-------- The data --------
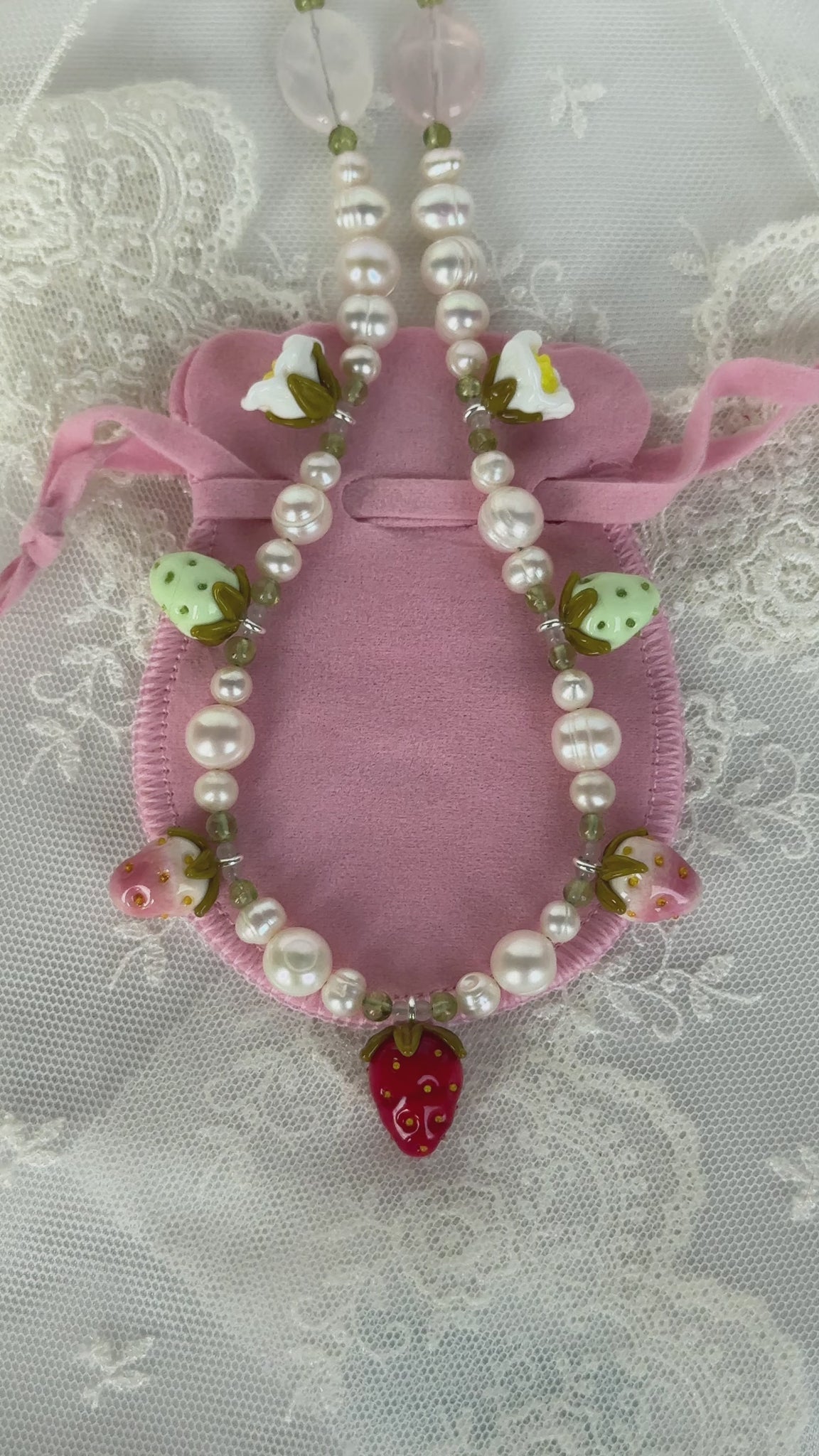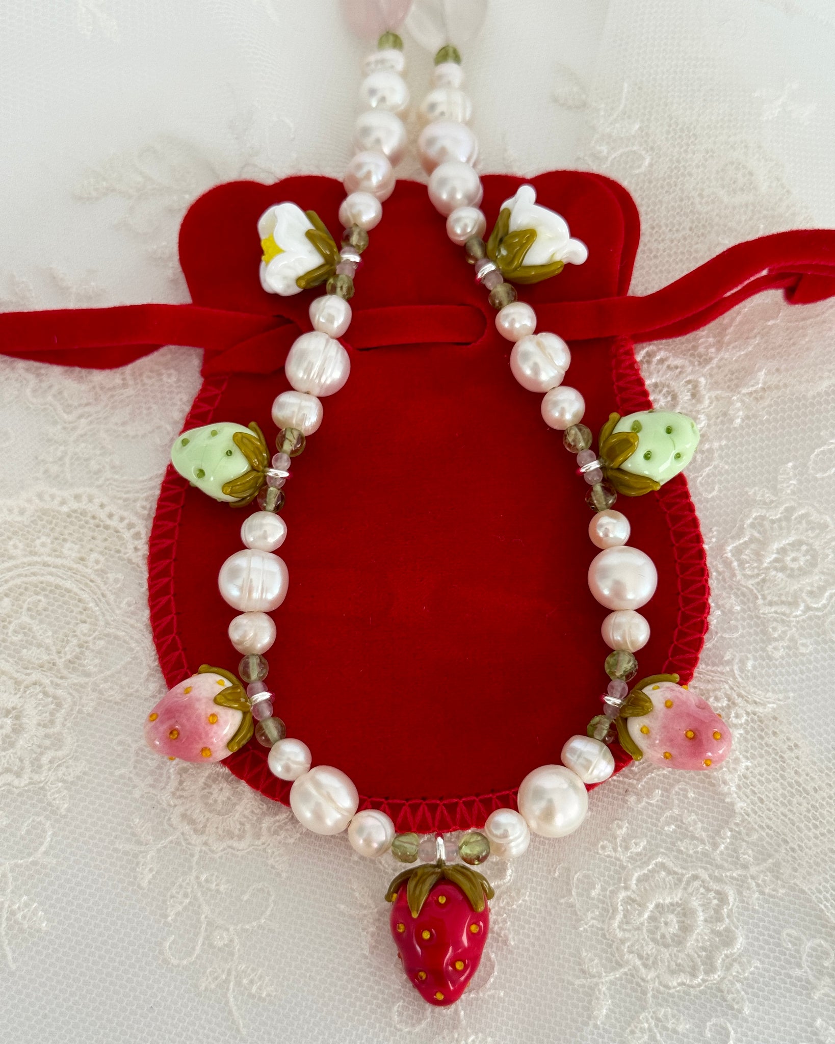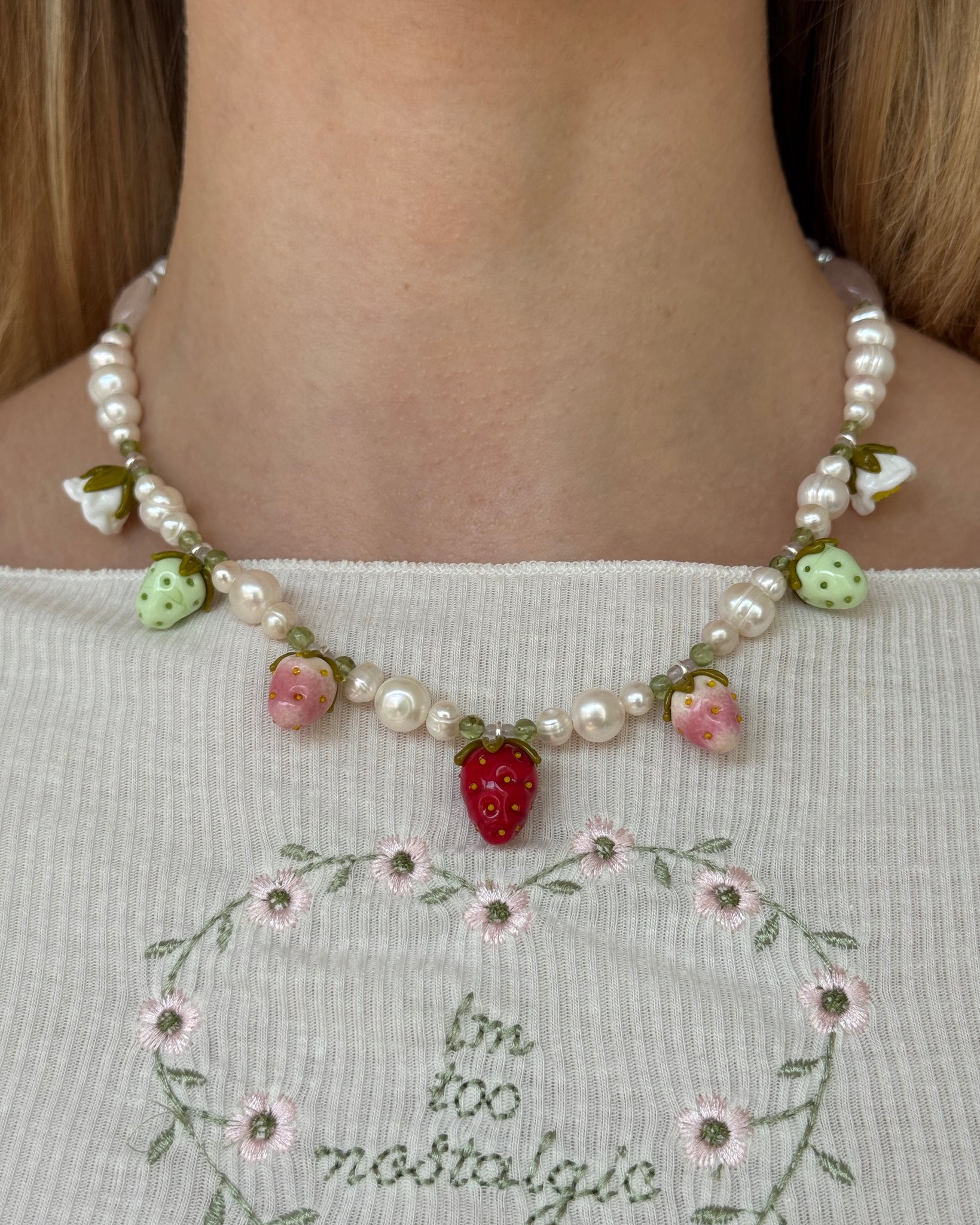 Fresh, playful, and full of charm. This piece is lovingly handcrafted with custom strawberry glass beads, handcrafted in Belgium. High-quality freshwater pearls, and genuine peridot and rose quartz gemstones, creating a vibrant and balanced mix of color and texture.
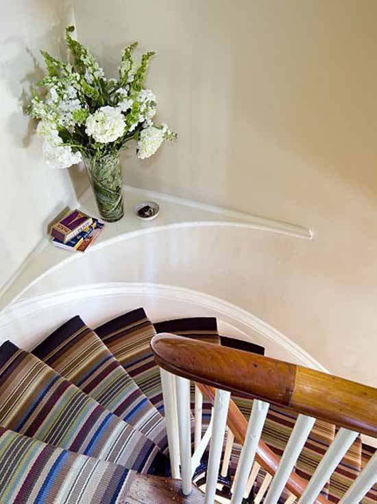 螺旋造型的樓梯與墻角看上去八竿子打不著,其實也能為“增大”家居使用面積出一份力。在墻角安裝上一款弧形設計的擱架,再于其上擺放插花作為樓梯間的裝飾,肯定能讓樓梯小角落驚艷一把。由于弧形的設計非常人性化,所以人們在行走時也不會被擱架碰傷。擱架上還能放幾本小書,當你閑來無事的時候,大可以停住腳步,坐在樓梯上隨意閱覽。
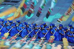 The emperor attended an archery contest for the Midsummer Festival of 1413 (5th day, 5th month, 11th year) that all the Chinese officials and foreign envoys were invited to.[85] Duyvendak (1939) states that these envoys were so numerous that they most-likely comprised many of those whom Zheng escorted back to their countries during the fourth voyage rather than just close neighbors.[85] This expedition led the Chinese treasure fleet into Muslim countries, so it must have been important for the Chinese to seek out reliable interpreters.[86] The interpreter Ma Huan joined the voyages for the first time.[86] A 1523 inscription at a mosque in Xi'an records that, on the 4th month of the 11th year, Zheng was there to seek reliable interpreters and found Hasan (哈三).[86] Hasan was proficient in Arabic and went on this voyage.[87]
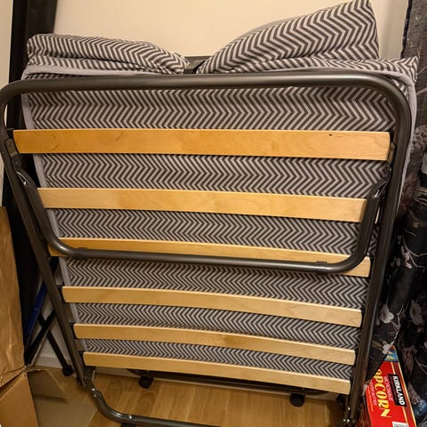 Jysk resårsängar med tillhörande madrasser (2x80 cm). Sängarna och madrasserna är i svart och vitt. Passar för enkel- eller dubbelsängs bruk beroende på placering. Material och storlek är standard för Jysks slängprodukter. Madrasser har tvättbara överdrag.
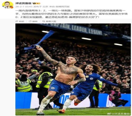 當恩佐在補時第92分鐘,將若昂·佩德羅的倒三角回傳轟入西漢姆聯(lián)球門時,斯坦福橋球場的聲浪仿佛要掀翻頂棚。從0-2到3-2,切爾西在英超歷史上57次半場落后至少兩球的絕境中,首次完成了不可思議的逆轉。這不僅僅是三分,也是羅塞尼爾對粉絲們的宣誓,他的確是有實力的新帥。正如賽后,社媒發(fā)文夸贊這新帥的詹俊談到:那支以鐵血意志和永不放棄精神著稱的藍軍,帶著昔日的斗志模式,正式回歸。
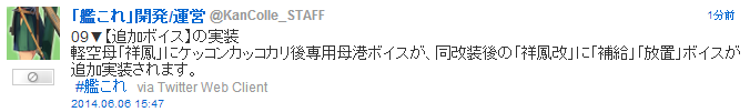 同改装後の「祥鳳改」に「補給」「放置」ボイスが追加実装されます。
--------
**Exercise details:** Nothing but the lines from the top of the data above through the line containing "螺旋造型的樓梯與墻角看上去八" should be output, exactly as written and without the pictures.

**Result for this task:**
 Fresh, playful, and full of charm. This piece is lovingly handcrafted with custom strawberry glass beads, handcrafted in Belgium. High-quality freshwater pearls, and genuine peridot and rose quartz gemstones, creating a vibrant and balanced mix of color and texture.
 螺旋造型的樓梯與墻角看上去八竿子打不著,其實也能為“增大”家居使用面積出一份力。在墻角安裝上一款弧形設計的擱架,再于其上擺放插花作為樓梯間的裝飾,肯定能讓樓梯小角落驚艷一把。由于弧形的設計非常人性化,所以人們在行走時也不會被擱架碰傷。擱架上還能放幾本小書,當你閑來無事的時候,大可以停住腳步,坐在樓梯上隨意閱覽。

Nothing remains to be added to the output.